Однако было видно, что и она расстроена.

— Знаешь, Наташа, — продолжал Женя, — все потому, что тимуровцев нет. Помнишь, как хорошо было? Всегда все вместе, дружно. Я больше всех виноват, что команды не стало…

— Что ты, Женя…

— Нет, нет, — перебил он Наташу, — командир всегда больше всех виноват! Даже ночью проснусь, думаю, но ничего придумать не могу, И клятву я, Наташа, не выполнил.

— Глупый ты, Женя! Совсем ты не виноват. Все вместе думали и ничего не придумали, а ты один хочешь?

Тень грусти пробежала по лицу девочки.

— Женя, — проговорила она через минуту и упрямо тряхнула головой, — ты помирись с Федькой. А?

Женя рассматривал ножик и будто не слышал.

— Помирись! — повторила девочка.

— Нет! — сухо отрезал мальчик. Светлые брови его упрямо сошлись на переносице.

— Но почему? Ведь хороший Федька! В поход неинтересно без него… Помирись, ладно?

Смуглое, чуть скуластое лицо девочки даже покраснело от волнения.

Женя молчал.

— Наверное, ты рассердился, когда Федька сказал, что при тимуровцах лучше было? — не сдавалась Наташа. — Он правильно сказал. Мне тоже часто скучно бывает.

— Я и не спорю. Конечно, при тимуровцах лучше было. Но что сделать, если работы не стало?

— Видишь, и ты с Федькой согласен, — оживилась Наташа. — А с Алькой он нечаянно подружился…

— Нет, — перебил ее Женя, выпрямляясь, — не помирюсь. Он нас всех на Альку променял. Пока хорошо было — он дружил с нами. В поход с Володей собирались — тоже дружил. А как узнал, что без Володи и только на один день пойдем, он сразу к Альке. Нет, так только настоящие изменники делают — в трудный момент товарищей бросают! Пусть со своим Алькой дружит. Не помирюсь!

— А говорил, что если я попрошу, то все сделаешь, — укорила Наташа, смотря карими, с едва заметной раскосинкой глазами прямо на мальчика.

— Ну… — на мгновение растерялся Женя. — Как же я помирюсь, Наташа? Не я задевал Федьку первый, не я виноват.

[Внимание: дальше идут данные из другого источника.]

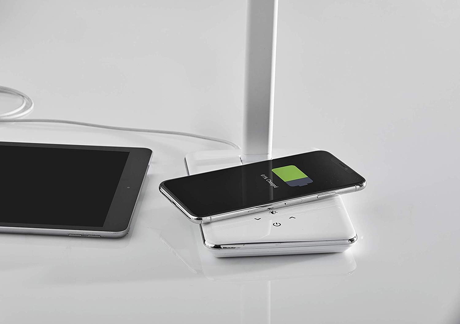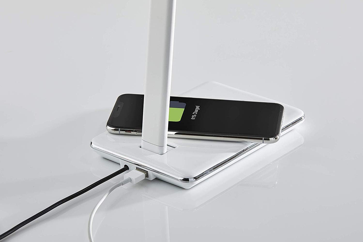 Adesso Simplee Declan LED Multi-Function Desk Lamp, Smart, 3 Color Temperature Modes, Improved Wellness and Circadian Rhythm, Qi Wireless Charging, Dimmer Touch Switch, 5ft, White

Женя надул губы, сердито отвернулся.

— Не сердись, Женя, — виноватым голосом проговорила Наташа. — Я думала, что вас помирить можно…

— Знаешь, Наташа! — Женя решительно повернулся. — Если бы ты попросила… попросила какой-нибудь подвиг… спасти бы тебя…

— Ой, — перебила Наташа, — как же я забыла, что надо хлеба купить! Влетит! Я быстро сбегаю, а потом к тебе приду и сходим навестить Володю. Ладно? — Наташа замялась. — А если Федька сам придет, помиришься с ним?

— Нет, Наташа, — твердо ответил Женя, — не помирюсь.

Наташа побежала от штаба. Косички, болтаясь, ударяли по крепким плечикам.

Женя проводил ее взглядом. Вздохнул и провел рукой по голове. Да, очень плохо, что поход будет без Федьки. «Эх, Федька, Федька!..» Потом резким движением он захлопнул окно.

 

Глава II

ТАИНСТВЕННОЕ ПИСЬМО И НЕОЖИДАННАЯ НАХОДКА

 

Жене послышался близкий шорох. Он затаил дыхание, настороженно огляделся, но ничего подозрительного не заметил.

«Не Федька ли?» — мелькнула тревожная мысль. Федька умел затаиваться так, что заметить его было нелегко. Женя самым тщательным образом осмотрел всюду, где мог спрятаться изменник, обошел вокруг штаба. Никого нет. Купальщики далеко. Рыбак, правда, на берегу под окном, но это самый безобидный человек на свете, известный всем ребятам Ванька «клюет — не ловится», знаменитый неудачливый рыболов. Он и сейчас так поглощен своей удочкой, что, кроме нее, ничего не видит.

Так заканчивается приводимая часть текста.